The written agreement in which the parties have expressed the contract between them, and by the constru*189ction of which this case must be determined, consists of, 1st, a recital that the defendants intend to carry on the business of making oil and water colors and wish to secure the services of the plaintiff in the making of said colors; 2d, an agreement of the plaintiff with the defendants “ that he will, during the term of not exceeding three years from the date of this agreement, render and give his exclusive time, service, skill and energy to them in the manufacture of oil and water colors, and also instruct and teach them during the said term the art of manufacturing or making colors in all its details, so far as it is in his power to do so ; ” 3d, in consideration of the above, an agreement of the defendants “ during said term ” to pay to the plaintiff “ thirty dollars per week as compensation for his services so rendered; ” 4th, an agreement of the plaintiff that he will not “ during the continuance of this agreement ” be connected with any other persons in the manufacture of colors.

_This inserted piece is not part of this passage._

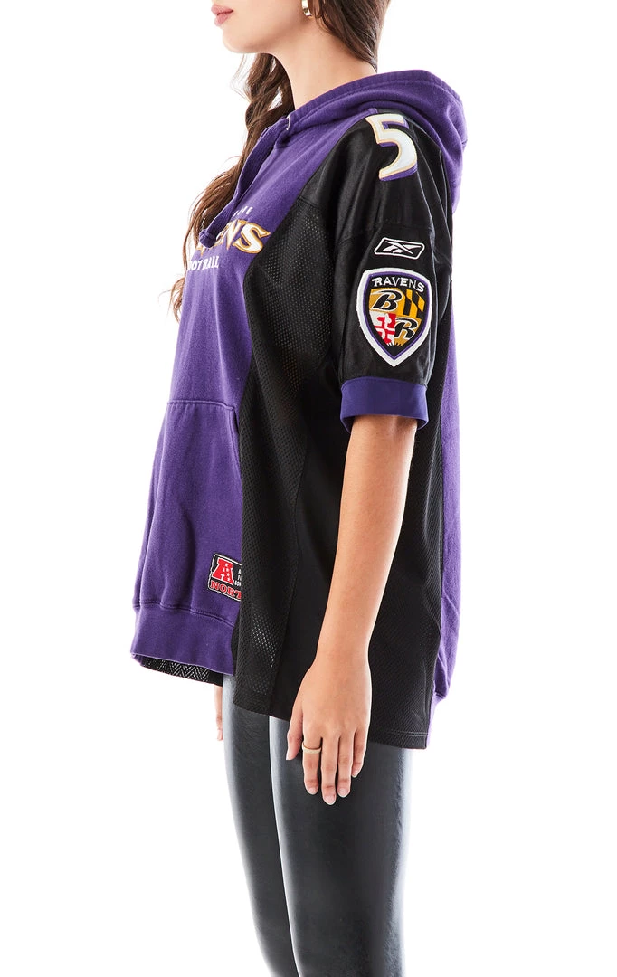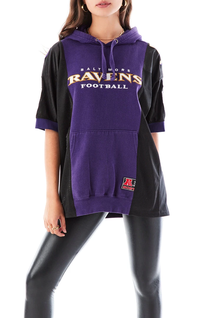 You don’t have to be a super fan to serve sporty style. Furst of a Kind is known for their innovative reworked vintage, and this style definitely adds to their street-cred. This piece features a vintage Baltimore Ravens hooded sweatshirt spliced vertically with contrasting vintage jersey sleeves. Hand sourced and perfectly matched, this is basically a no-brainer.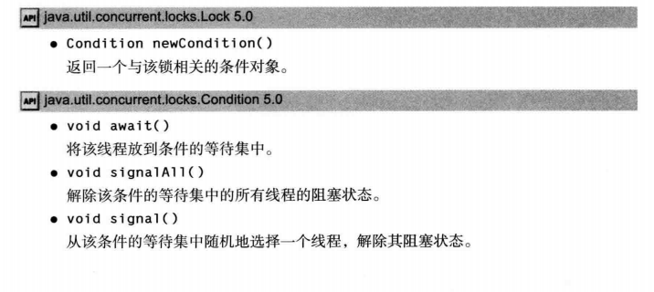 同样地,使用条件对象的await方法时也可以指定一个时间,若等待时间超过了指定时间就自动解除等待状态。

The preamble declares the intention of the defendants to carry on the business, and their purpose to secure the services of the plaintiff, and specifies no time. The agreement of the plaintiff is to serve the defendants “ during the term of not exceeding three years, ” that is to say, a term which cannot be more, but may be less, than that time. The agreement of the defendants is to pay him a weekly compensation, not for any definite time, but only “ during said term ” of three years or less. And the further agreement of the plaintiff not to be connected with others in the same manufacture is likewise limited “ during the continuance of this agreement.”

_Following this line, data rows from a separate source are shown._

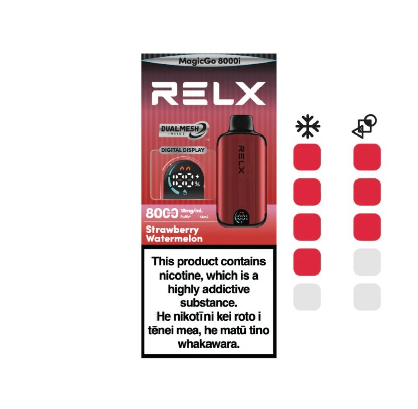 The RELX MagicGo 8000i Strawberry Watermelon is a premium option in disposable vapes, redefining convenience and style with advanced technology. Crafted by RELX Vape, the RELX MagicGo 8000i features a sleek metallic design that delivers both exceptional performance and elegance. This high-quality device, imported directly from RELX Vape to Australia & New Zealand, is perfect for those seeking a superior vaping experience.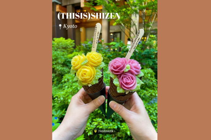 (THISIS)SHIZEN — кафе в Киото, которое приобрело популярность благодаря своим художественным рожкам мороженого, напоминающим замысловатые цветочные букеты.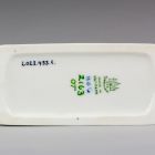 | Jelzés: | Alján zöld, máz alatti festéssel: három torony, alatta B&G, alatta félörívesen KJOBENHAVN alatta MADE IN DENMARK, máz alatti kékkel: B&G, alatta zölddel kézzel írva: 2163 (modellszám) alatta: OT, peremén benyomva: E |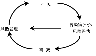 图3公众健康保护周期,表明监视在支持风险评估、风险管理和拟定新研究工作方面的作用。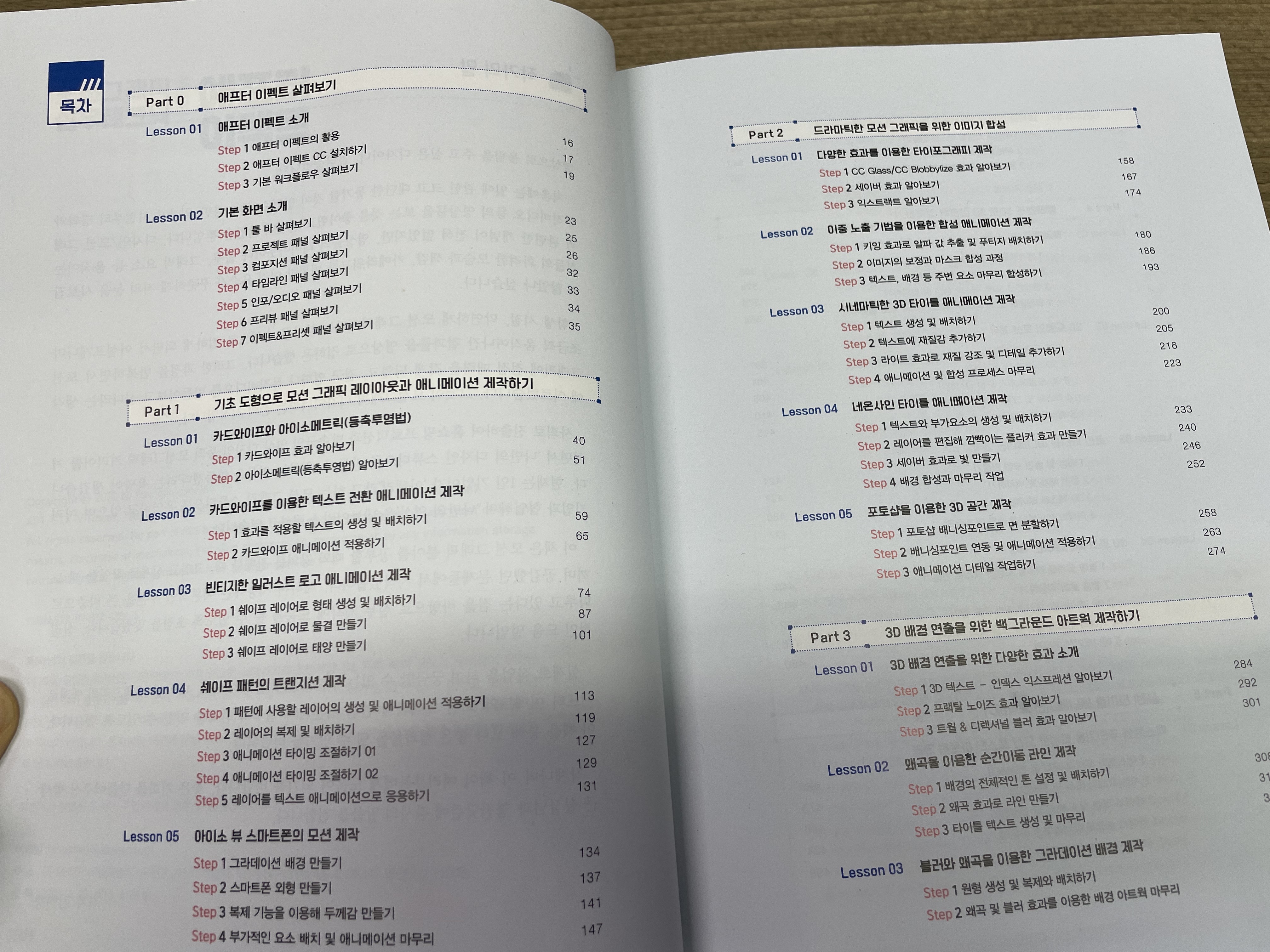 《모션그래픽 실무테크닉 with 애프터 이펙트》는 0~5개의 파트로 구성이 됩니다.

There is no express agreement of the defendants to employ the plaintiff for three years, and no stipulation from which, in our judgment, such an agreement can be implied. The agreement appears to have been framed and adapted to secure to the defendants the right to the exclusive services of the plaintiff for such time, not extending beyond three years from its date, as he should perform such services and they should continue the business and require his services, paying him the stipulated compensation weekly, so long only as he should be employed by and faithfully serve them; but not to oblige them to continue the *190business, or to employ him therein, except at their own election, or to pay him any compensation after reasonable notice that they should no longer require his services, This case does not present the question whether the plaintiff had a similar right of election.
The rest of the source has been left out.